Search code examples
artificial-intelligenceneural-network

Determining Bias for Neural network Perceptrons?


This is one thing in my beginning of understand neural networks is I don't quite understand what to initially set a "bias" at? I understand the Perceptron calculates it's output based on:

P * W + b > 0

and then you could calculate a learning pattern based on b = b + [ G - O ] where G is the Correct Output, and O is the actual Output (1 or 0) to calculate a new bias...but what about an initial bias.....I don't really understand how this is calculated, or what initial value should be used besides just "guessing", is there any type of formula for this?

Pardon if Im mistaken on anything, Im still learning the whole Neural network idea before I implement my own (crappy) one.

The same goes for learning rate.....I mean most books and such just kinda "pick one" for μ.


Solution

  • The short answer is, it depends...

    1. In most cases (I believe) you can just treat the bias just like any other weight (so it might get initialised to some small random value), and it will get updated as you train your network. The idea is that all the biases and weights will end up converging on some useful set of values.

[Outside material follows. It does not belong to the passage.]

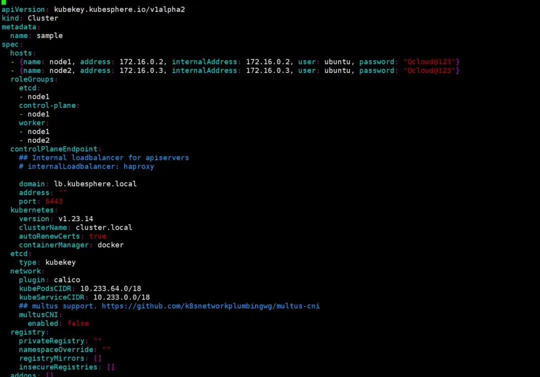 ./kk create config [--with-kubernetes version] [(-f | --filename) path]- 填入真实集群信息

    2. However, you can also set the weights manually (with no training) to get some special behaviours: for example, you can use the bias to make a perceptron behave like a logic gate (assume binary inputs X1 and X2 are either 0 or 1, and the activation function is scaled to give an output of 0 or 1).

    OR gate: W1=1, W2=1, Bias=0

    AND gate: W1=1, W2=1, Bias=-1

    You can solve the classic XOR problem by using AND and OR as the first layer in a multilayer network, and feed them into a third perceptron with W1=3 (from the OR gate), W2=-2 (from the AND gate) and Bias=-2, like this:

    perceptron XOR

    (Note: these values will be different if your activation function is scaled to -1/+1, ie a SGN function)


    1. As to how to set the learning rate, that also depends(!) but I think usually something like 0.01 is recommended. Basically you want the system to learn as quickly as possible, but not so quickly that the weights fail to converge properly.